On the flipside, are there any books that you look back on and think could have stood a little more attention?
From me? Never. My revision process puts perfectionism to shame. I apply myself completely to each and every work. Of course I’ve grown as a writer over the years, so I’m sure I’d be horrified by my earlier books if I was ever masochistic enough to reread them.
I wish every book had received more market attention. Even after 17 years, it’s still difficult to sustain a career as a writer.
You’re an old hand at the writerly business. How has the publishing world changed in the time since you were penning books like The Stinky Sneakers Contest and B.J.’s Billion Dollar Bet ?
Since Harry Potter, the whole field of children’s literature has boomed not only in volume, but in public respectability. For writers there’s been an explosion of imprints and specialties, while at the same time a general homogenization among publishers. It used to be easier for aspiring authors to target their work toward publishing houses who were focused on particular genres or literary quality. The corporatization of children’s publishing has put more emphasis on profit and less on building an author’s career and backlist. See celebrity books, toys/gimmicks, tie-ins.

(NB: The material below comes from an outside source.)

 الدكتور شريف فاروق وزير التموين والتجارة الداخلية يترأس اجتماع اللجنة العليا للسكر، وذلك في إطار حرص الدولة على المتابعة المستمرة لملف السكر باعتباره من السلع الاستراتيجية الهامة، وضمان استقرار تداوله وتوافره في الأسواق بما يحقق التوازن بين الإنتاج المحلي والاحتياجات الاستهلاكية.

YA has expanded exponentially in recent years, along with an industry of book buyers and sellers to support it. A fantastic development for YA writers, to be sure. But it mirrors the tsunami of picture books in the 80s and 90s, and those of us who’ve been around know the tide will turn.
The business of books for young readers is as cyclical and unpredictable as the readers themselves.

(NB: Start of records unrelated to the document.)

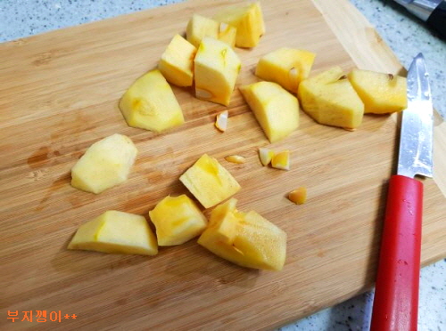 깍두기처럼 썰은 후 과도를 이용해 씨를 제거했어요.
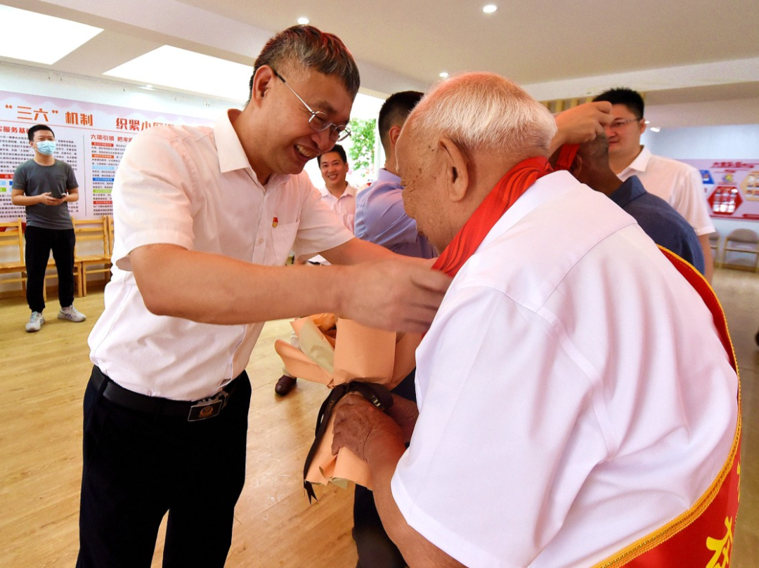 在金溪社區,何必良與有著50年以上黨齡的梁樹炎、鐘清宋兩位老同志親切交談,關切詢問他們的生活和身體情況,共同回顧黨的光輝歷程,并為他們頒發佩戴“光榮在黨50年”紀念章。
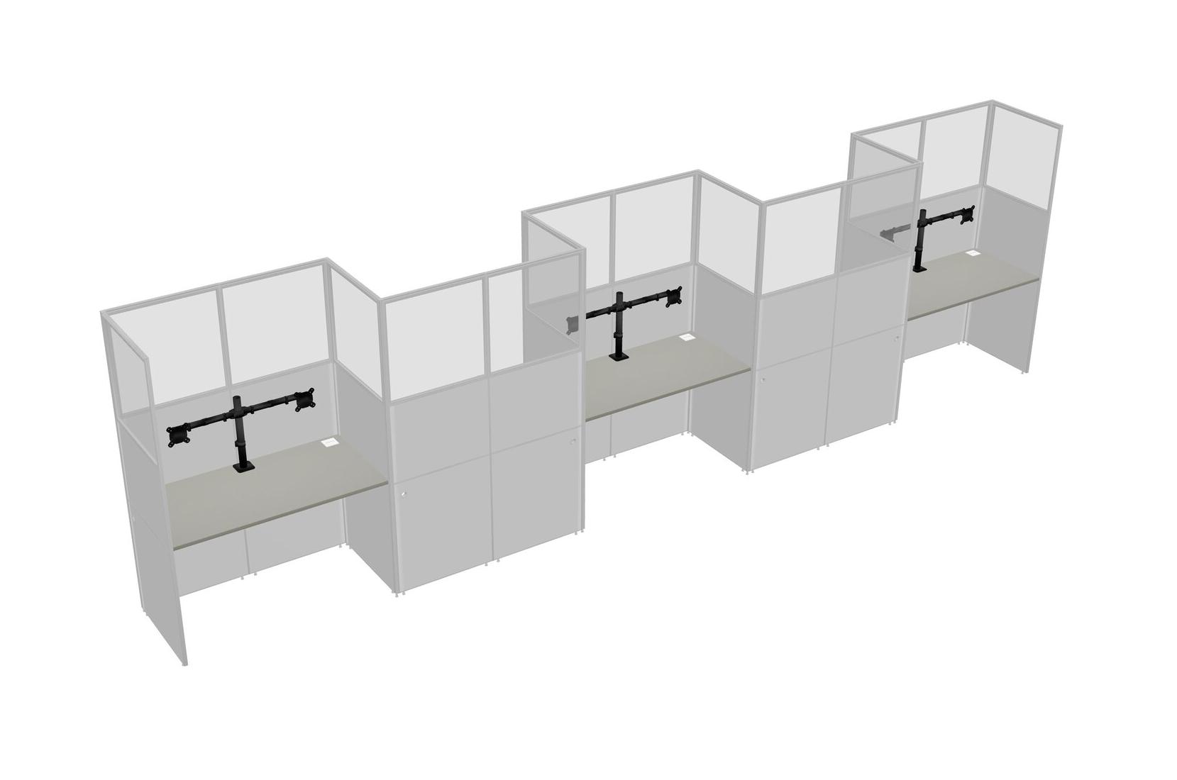 Grey Shadows Rectangular Cubicle Workstations For 5 - Zigzag Formation

You were a fan of the Beany Malone series as a kid. I just tried to find a copy of one of these books in the NYPL system and all I could come up with was The Beany Malone Cookbook circa 1972. Obviously NYPL was not a fan. What was it about Beany that hooked you?
Lenora Mattingly Weber was a Colorado author, so her Beany books were probably more popular in Dodge. There is a national Beany Malone fan club, I found out when I first mentioned the series on my Web site. I’m not a member.
I read those books today and marvel at the influence they had in my literary life. Beany Malone turned me onto reading. That series was the first contemporary realistic fiction I ever found. Real people just like me—in books? A miraculous discovery.
Being hip to world at large, you have a MySpace page. How’s that working out for you? Do you like having it?
I love having it. I resisted for several years because I didn’t want to intrude on young people’s personal space, and also, I felt if I pitched tent on MySpace without a commitment to interact with fans it’d come off as exploitation. Sell, sell, sell. Young people really need more advertising. Turn up the feed.
I’ve always kept a blog, ever since I designed my Web site back in 2000, but my blog wasn’t interactive. Fans frequently e-mailed to comment and ask me to please post my blog where they could reply, and I finally gave in. There are days when it’s a scary time sink. In additional to answering all my e-mail, I’m up ’til Lenoland messaging back to readers. But the give and take is incredibly empowering. And fun. MySpace reminds me why I love writing for teens.
Writers hate this question, but I have to ask it. What are you working on right now?
I love that question. Because I won’t answer it. I never talk about what I’m working on. Ask my agent and editor. It drives them crazy. I will tell you I recently finished a novel about bullycide titled, By the Time You Read This, I’ll Be Dead. It’ll generate relevant debate, I hope. The book scheduled for 2009 is titled, Rage: A Love Story. It’s about two girls who get caught up in an abusive relationship. So much angst.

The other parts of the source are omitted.